How to cite this article:
Khedmat H, Ghamar-Chehreh ME, Amini M, Taheri S. Burkitt's lymphoma developing post liver transplantation: Posttransplant lymphoproliferative disorders international survey. Saudi J Kidney Dis Transpl 2014;25:1290-2

How to cite this URL:
Khedmat H, Ghamar-Chehreh ME, Amini M, Taheri S. Burkitt's lymphoma developing post liver transplantation: Posttransplant lymphoproliferative disorders international survey. Saudi J Kidney Dis Transpl [serial online] 2014 [cited 2020 May 29];25:1290-2. Available from: http://www.sjkdt.org/text.asp?2014/25/6/1290/144270
To the Editor,

Posttransplant lymphoproliferative disorders (PTLD) in liver transplant recipients are repor­tedly about one to two. [1] Burkitt's lymphoma in non-transplant patients has been reportedly associated with a poor prognosis, and its diag­nosis usually necessitates chemotherapy of increasing intensity according to the disease stage. The typical presentation involves ra­pidly growing and multifocal extra-nodal mas­ses throughout the body. [2],[3],[4] We gathered data of all individual cases of Burkitt's lymphoma reported by the published series in English literature, in order to standardize the data and find associations of Burkitt's lymphoma deve­loping in liver transplant patients.

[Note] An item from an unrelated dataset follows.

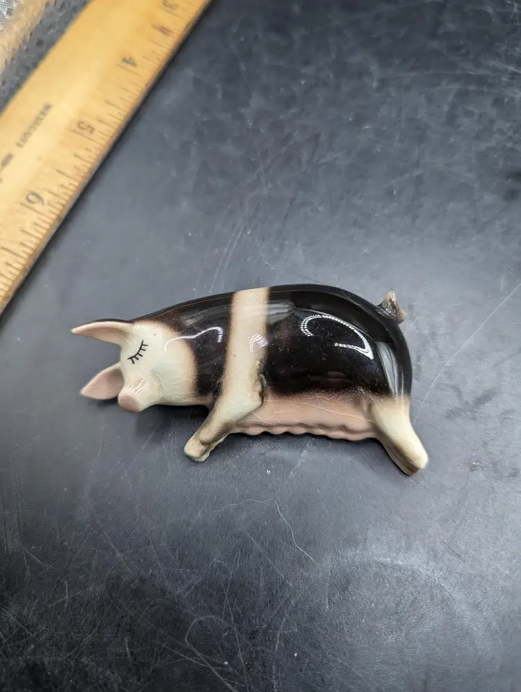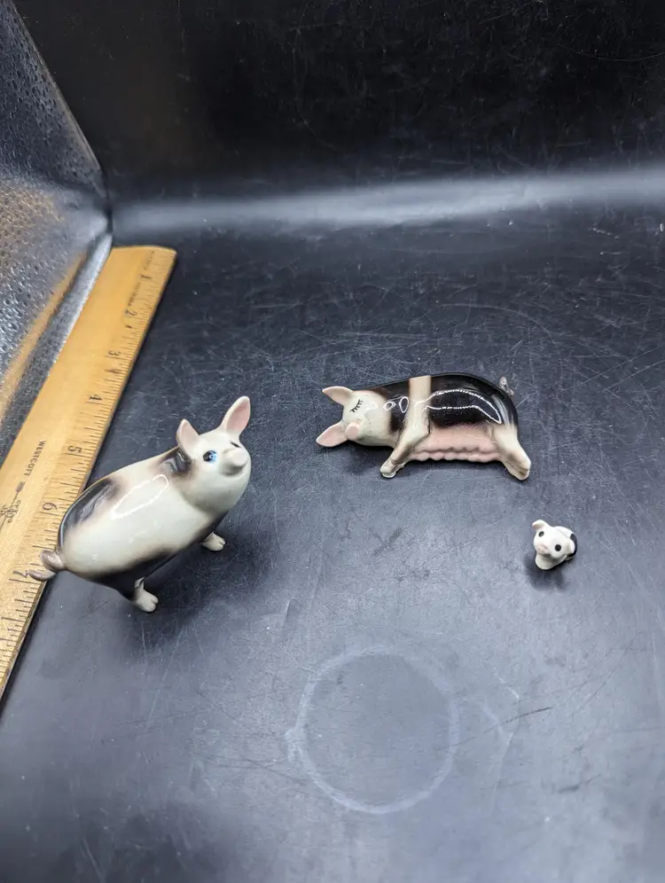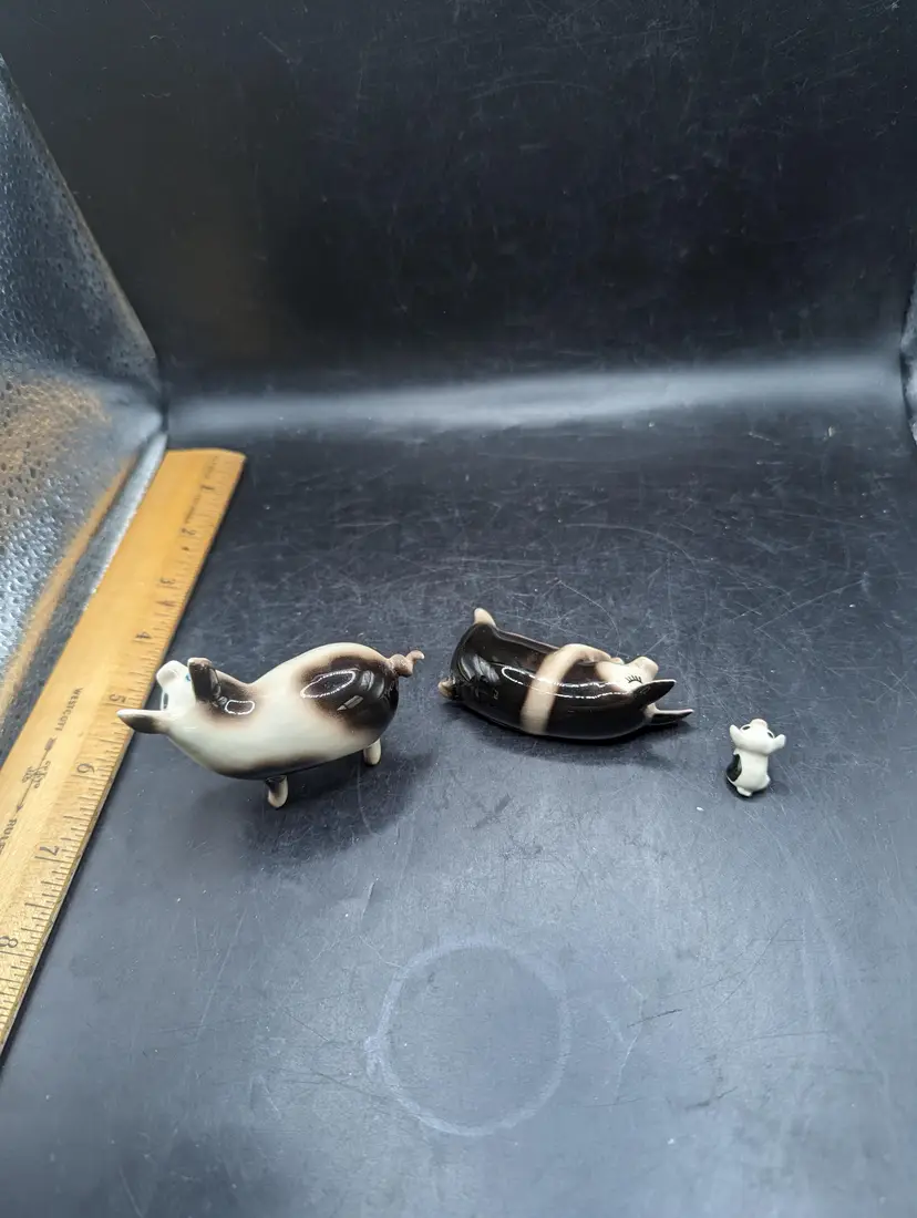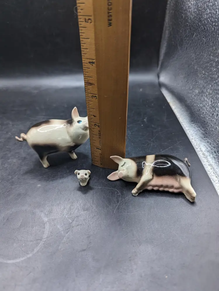 This is a lovely Vintage Hagen Renaker Papa Pig, Mama Pig And Baby Pig Family. The Papa pig is standing. The mama pig is laying down ready to feed her baby. The baby pig is just hanging out. No chips or cracks. Please see all pictures for condition.

The study population consisted of 125 liver allograft recipients, who had developed PTLD in their post transplantation period. Histo-pathological evaluation confirmed PTLD of Burkitt's lymphoma type in 32 (25.6%) of the study participants, and the remaining 93 (74. 4%) had other types of PTLD. The data were gathered from 18 studies [5],[6],[7],[8],[9],[10],[11] and references 11, 16, 20, 25, 28, 45, 46, 50 from [12] and 43, 50, 51 from [13] have been included into a database and analyzed.

There were 50 (55.6%) males and 40 (44.4%) female patients (35 unreported). The mean age at diagnosis of PTLD was 21.9 ± 21.9 years (no unreported data; 125 cases). The mean interval between transplantation and the diag­nosis of PTLD was 46.7 ± 51.5 months (for 89 patients), whereas, the follow-up time after diagnosis of PTLD was 42.8 ± 46.8 months (for 101 patients). The characteristics of the pa­tients regarding their malignancy sites are summarized in [Table 1]. Burkitt's lymphoma was equally prevalent among males and females (P = 0.82) and different age groups (P = 0.68). The Epstein-Barr virus (EBV) infec­tion rates were also comparable between the two groups (P = 0.252). Burkitt's lymphoma lesions were significantly more likely to mani­fest in the bone marrow (nine (33%) vs. seven (9%); P = 0.006); a weak predominated rate of CNS involvement was also seen, although the significance level was not achieved (three (11%) vs. two (2%); P = 0.09). Even as all lesions from Burkitt's PTLD were positive for BCL-6, this rate was 50% among the controls (P = 0.033).
Table 1: Characteristics of liver graft recipients based on their PTLD pathology.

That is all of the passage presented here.